The Nintendo eShop has gone into a temporary maintenance mode in Russia, preventing sales on the platform, due to issues processing payments in rubles (via The Verge).
The company addressed the issue via a statement on the Russian version of its website, a Google translated version of which reads as follows:
“Due to the fact that the payment service used in Nintendo eShop has suspended the processing of payments in rubles, Nintendo eShop in Russia is temporarily placed into maintenance mode. We apologize for any inconvenience caused.”
Nintendo’s suspension of sales in Russia might have been somewhat accidental, but companies from across the games industry have been eager to distance themselves from Russia, following president Vladimir Putin’s invasion of Ukraine.

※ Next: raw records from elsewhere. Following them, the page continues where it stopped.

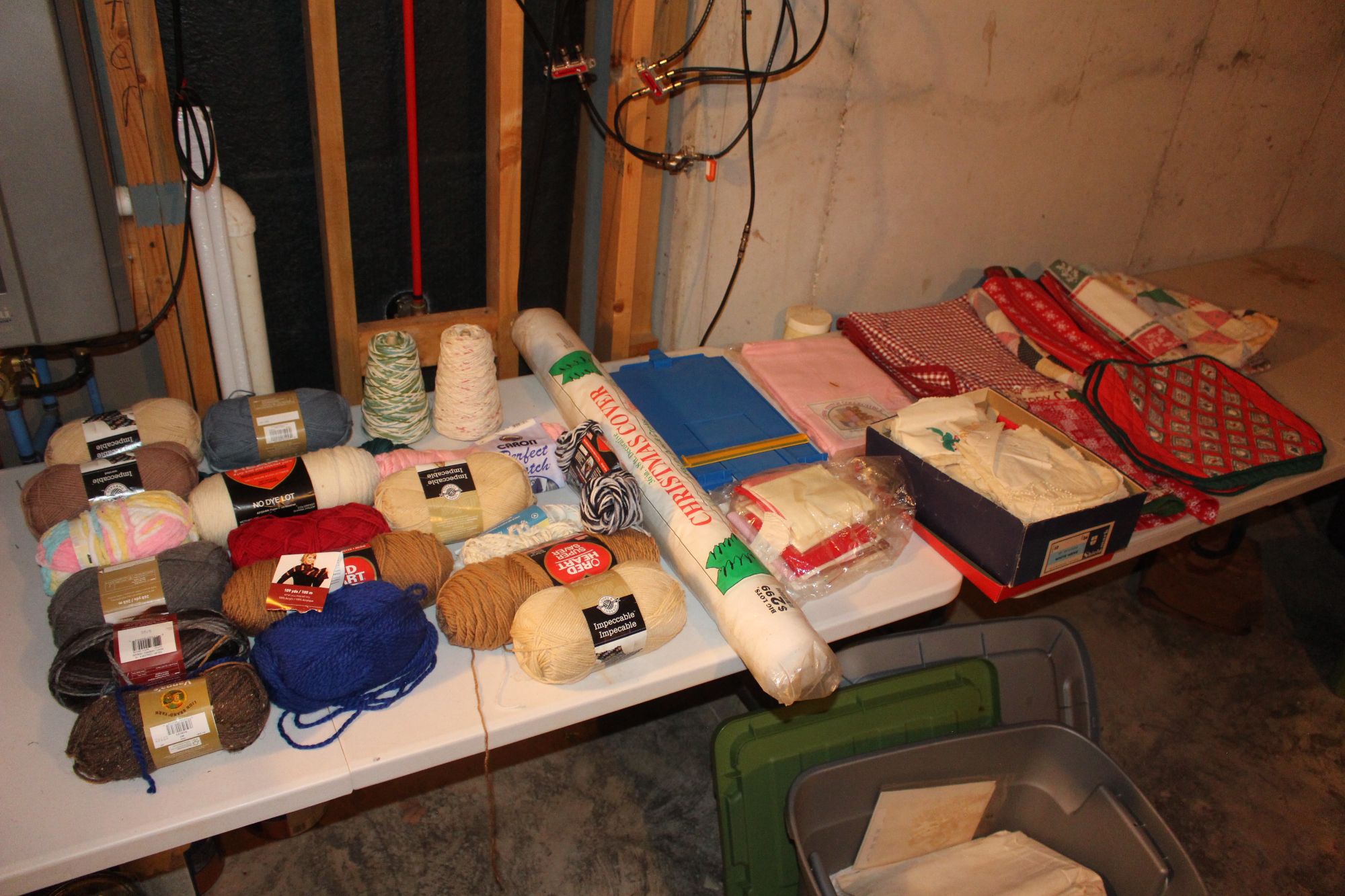 Yarn, Place Mats, Quilting Pieces, Fabric, Material, Afgan, Hand Bags, 36 in x 8 ft Christmas Cover, Thread, and Misc.
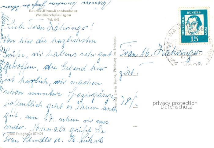 72941970 alte Postkarte Waldkirch Breisgau Bruder Klaus Sanatorium postalisch gelaufen Erhaltung siehe scans [FriedD77] KatCode: 11110008316056
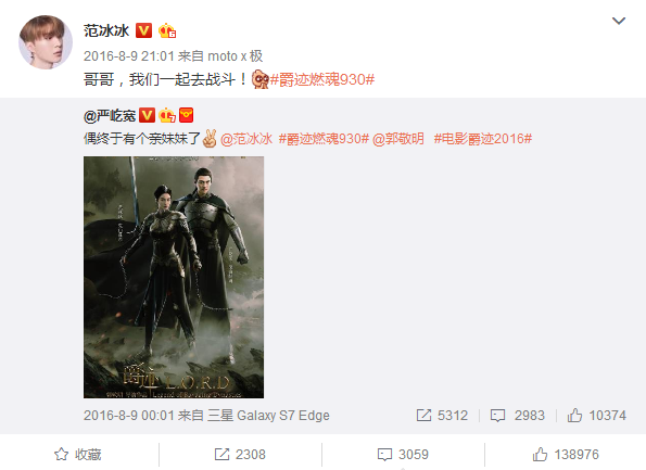 宣传期中,范冰冰也在微博上喊严屹宽为哥哥!~~

Most recently, both Activision Blizzard and Epic Games have suspended sales of their games in the country, in direct protest of the invasion – with Activision Blizzard also doubling its employees’ donations to organisations providing immediate relief in the region, and has raised $300,000 so far.
They’re hardly alone in this either – the growing list of companies ending sales in Russia include EA (who also removed Russian teams from their FIFA and NFL titles), CD Projekt (who has suspended not only sales of their own games, but all sales on GOG.com) and Microsoft.
These moves come after the Ukrainian deputy prime minister penned an open letter gaming companies, calling on them to “temporarily block all Russian and Belorussian accounts, temporarily stop the participation of Russian and Belorussian teams and gamers in all international esports events and cancel all international events holding on the territory of Russia and Belarus.”